The nvflare job submit command can be used to submit jobs:

usage: nvflare job submit [-h] [-j [JOB_FOLDER]] [-f [CONFIG_FILE ...]] [-debug]

options:
-h, --help            show this help message and exit
-j [JOB_FOLDER], --job_folder [JOB_FOLDER]
                        job_folder path, default to ./current_job directory
-f [CONFIG_FILE ...], --config_file [CONFIG_FILE ...]
                        Training config file with corresponding optional key=value pairs. If key presents in the preceding config file, the value in the config file will be overwritten by the new value
-debug, --debug       debug is on

In order to do this, it will need to know the location of the admin console startup kit directory. In POC mode, this is set for the user automatically. For a provisioned setup, the user will need to set the path to the startup kit for the Job CLI. The startup kit path is stored in the ~/.nvflare/config.conf file in the nvflare hidden directory at the user’s home directory. You can edit this path in the file and set it directly for example:

startup_kit {
    path = /tmp/nvflare/poc/example_project/prod_00
}

Alternatively, you can use the nvflare config command with the -d or --startup_kit_dir option to set the startup kit path:

nvflare config --startup_kit_dir /tmp/nvflare/poc/example_project/prod_00

With the startup kit directory path set, you can submit the job (this following example is from the NVFlare Job CLI Notebook and replaces several variables in the config_fed_server.conf config file):

nvflare job submit -j /tmp/nvflare/my_job -f config_fed_server.conf num_rounds=1 app_config="--dataset_path /tmp/nvflare/data/cifar10"

Troubleshooting with the -debug flag

Since the nvflare job submit command does not overwrite the job folder configuration during submission, it has to use a temp job folder. If you want to check the final configs submited to the server or simply want to see the stack trace of the exception, you can use the -debug flag.

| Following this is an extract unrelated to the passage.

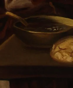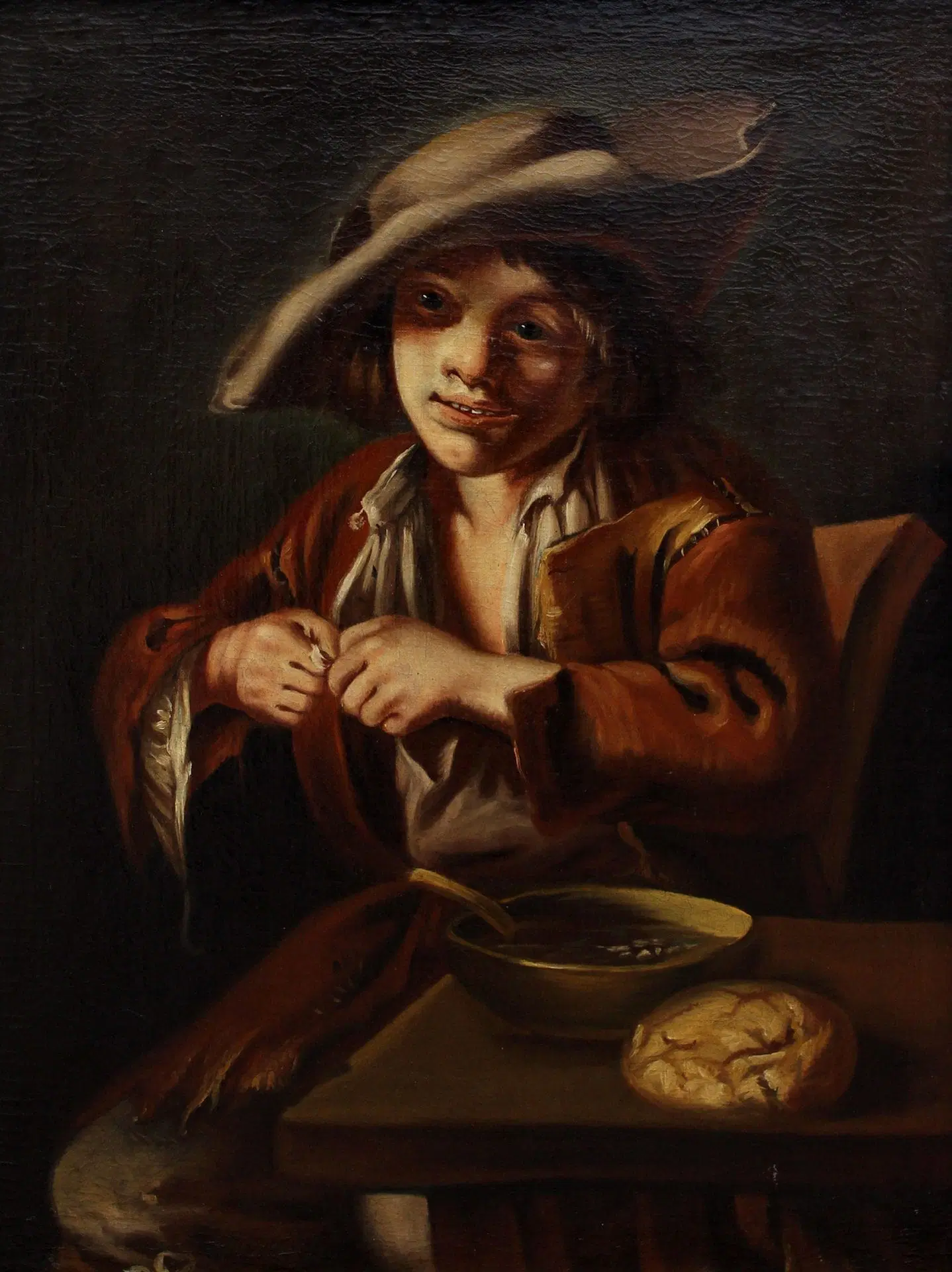 La tela esaminata è da riferire alla mano di un pittore attivo nella cerchia di Giacomo Francesco Cipper, detto il Todeschini (1664-1736). Di origine austriaca, non si conosce il momento in cui il Todeschini si trasferì in Italia; nel 1696 risulta residente a Milano, dove sposa la figlia di un notaio, Giulia Francesca Galdone. Fu prevalentemente attivo nella città meneghina, Bergamo e Brescia, diventando lombardo d’adozione. Durante il suo percorso creativo, il Cipper rinnovò la tradizione seicentesca dei Bamboccianti rileggendo in chiave personale gli esempi di Monsù Bernardo e del Magnasco. Dalle sue opere traspare l’ambizione di trasferire con spirito monumentale le sue idee, dedicandosi ad una realistica definizione degli oggetti di uso quotidiano, dei cibi e delle suppellettili, giungendo sino alle massime conseguenze della tradizione comica e grottesca, che in area lombarda trova le sue origini nel rinascimento.

With the -debug flag, the nvflare job submit command will not delete the temp job folder once it has finished job submission, and it will also print the exception stack trace in case of failure.

When you submit a job with the -debug flag, you should see a statement like the following after the message that the job was submitted (the actual random folder name will vary):

in debug mode, job configurations can be examined in temp job directory '/tmp/tmpdnusoyzj'

You can look at the contents of the temp job folder for more information about the job submission. For example, you can look at the config_fed_server.conf file in the temp job folder to see if the final configuration is what you intended.

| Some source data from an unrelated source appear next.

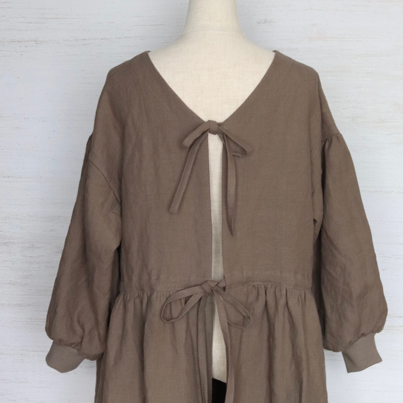 寸法詳細:着丈90〜120cm、バスト98cm、肩巾58cm、袖丈43cm、身頃丈38cm、首あき20cm、袖口巾9.5cm、アームホール直線20cm、後ろ上段リボン位置 首から14cm下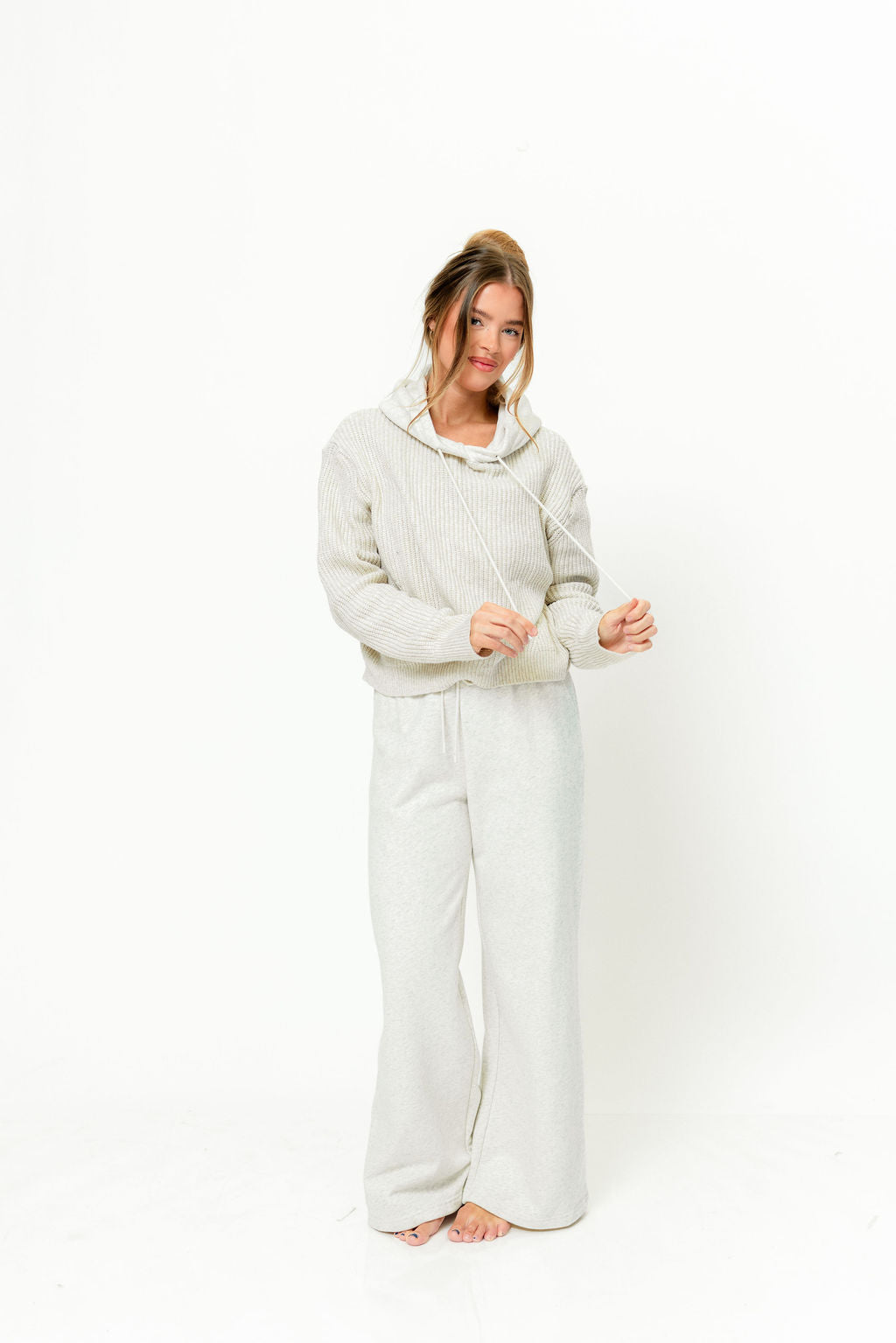 GARMENT DETAILS: Mixed knit hoodie and pants set. Top features an attached hood and drawstring detail; pants feature a slouchy, relaxed fit with pull-on elastic waistband.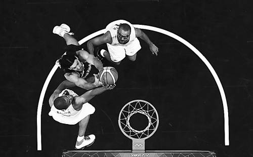 当地时间7月31日,法国队和阿根廷队在伦敦奥运会男篮比赛中交手。图为在NBA效力的法国球员帕克(上)和阿根廷球员斯科拉(中)在比赛中激烈拼抢。CFP供图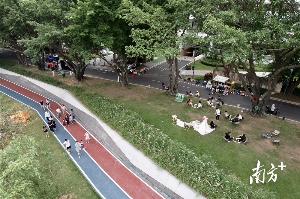 “华丽转身”后的鳒鱼洲文创园,成为了不少年轻人青睐的休闲胜地。晴朗朗的天里,不少摄影爱好者聚集在江岸,将蓝天映衬下的碧道草坪收入镜头;夜幕低垂,咖啡车开进林荫道两旁,1辆车、两三个棚,近20张座椅,由咖啡流动车搭建起的新型服务场景,引得市民纷纷消费体验。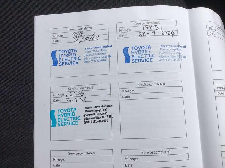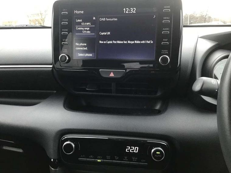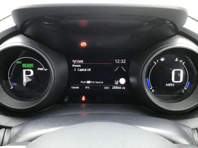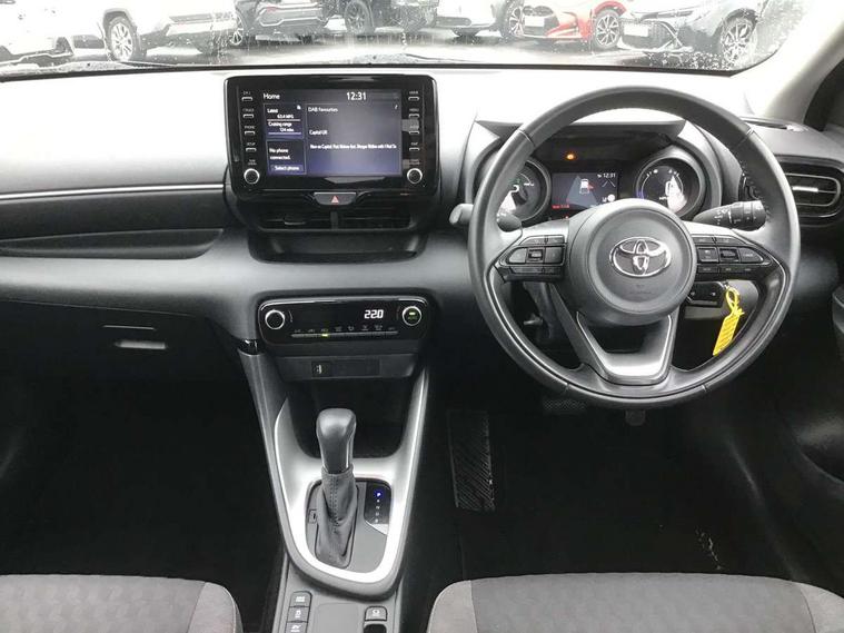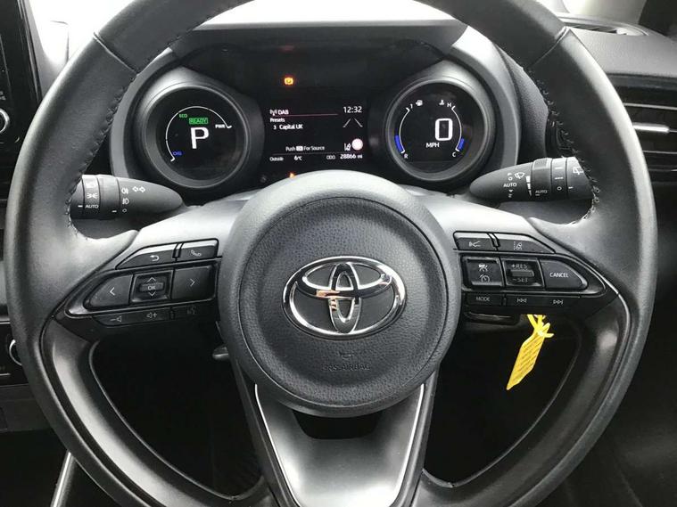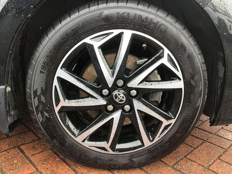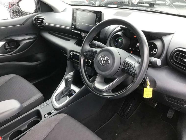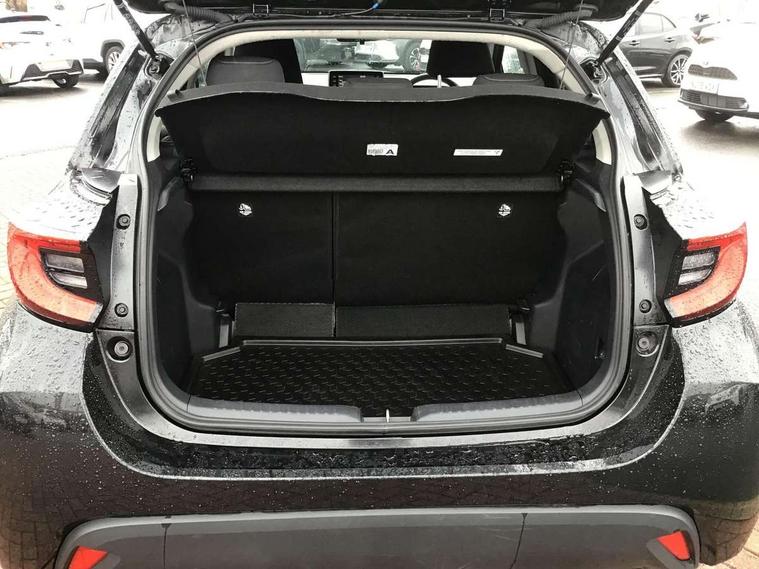 Adaptive cruise control, Adjustable speed limit with speed warning, Bluetooth connectivity, Colour binocular inspired displays with digital speedometer, E-call, Electric power steering, Hybrid energy display, Multi information display switches on steering wheel, Reversing camera, Smartphone integration with Apple CarPlay and Android auto, Tailgate, Voice recognition, Vehicle Stability Control (VSC), 4 speakers, 8" Multimedia display touch screen, USB connection, Acoustic windscreen glass, Auto windscreen wipers, Automatic headlights, Body coloured door mirrors, Electric adjustable heated door mirrors, Follow me home headlights, Front auto power windows with anti jam protection, Full LED rear lights, LED daytime running lights, LED front fog lights, LED front light guide, LED Headlights, LED High mounted stop lamp, LED Indicators, LED rear light guide, Manual headlight levelling, Painted chequered front grille, Rain sensor, Rear auto power windows with anti jam protection, Rear privacy glass, Rear side wing doors, Rear spoiler, Rear wiper, Shark fin antenna, Turning signal integrated indicators in door mirrors, Variable front intermittent wipers, 3 adjustable rear headrests, 3 spoke leather steering wheel, 60/40 split folding rear seat, Active headrests, Adjustable boot height, Auto air conditioning, Coat hooks in rear grab handles, Cup holders (2 front & door), Data Communication Module (DCM) connected services, Fabric upholstery, Front armrest, Glovebox, Grey roof lining, Height adjustable driver's seat, Isofix seat fixing, Leather gearshift, Pollen filter, Shopping bag hooks, Single front passenger seat, Tilt/telescopic steering column, 3 point seatbelts on all rear seats, ABS+EBD+Brake assist, Electronic parking brake, Emergency brake light system (EBS), Front passenger airbag on/off switch, Front seatbelt reminder, Hill start assist control (HAC), Rear child proof door locks, Rear seat belt reminder, Supplemental Restraint System (SRS) 8 airbags: Driver & passenger's airbags, dual side curtain airbags, side impact airbags, front centre airbag, Toyota Safety Sense 2, Precollison + Night time Pedestrian & Cyclist Detection, Lane Trace Assist, Auto High Beam, Intelligent ACC & Road Sign Assist, Tyre pressure warning system, 2x Master key, Alarm/immobiliser, Remote powered central double locking doors, Soft touch instrument panel, Space saver spare wheel,

Advanced Job Configurations

For different configurations for different client sites, you can use the -f option to specify the variables to change for each config file for each client site.

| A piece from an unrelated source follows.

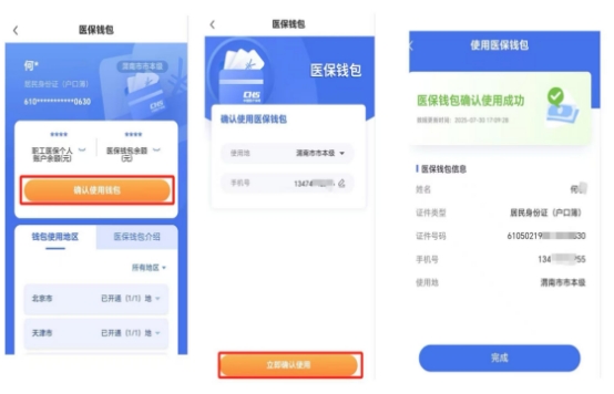 3.点击确认使用钱包—立即确认使用—完成医保钱包功能开通。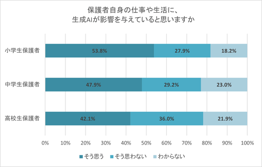 保護者自身の仕事や生活に、生成AIが影響を与えていると思いますか。

For example, to change number of training rounds to 2, change default app_script from “cifar10.py” to “train.py” for both app_1 and app_2, and change the app_1 batch_size to 4, app_2 batch_size to 6 for sag_pt_deploy_map as in the NVFlare Job CLI Notebook:

nvflare job create \
-j /tmp/nvflare/my_job -w sag_pt_deploy_map \
-f app_server/config_fed_server.conf num_rounds=2 \
-f app_1/config_fed_client.conf app_script=train.py app_config="--batch_size 4" \
-f app_2/config_fed_client.conf app_script=train.py app_config="--batch_size 6" \
-sd ../hello-world/step-by-step/cifar10/code/fl

Note

The app names must be defined in the job template being used: in this case app_1, app_2, and app_server, are in sag_pt_deploy_map.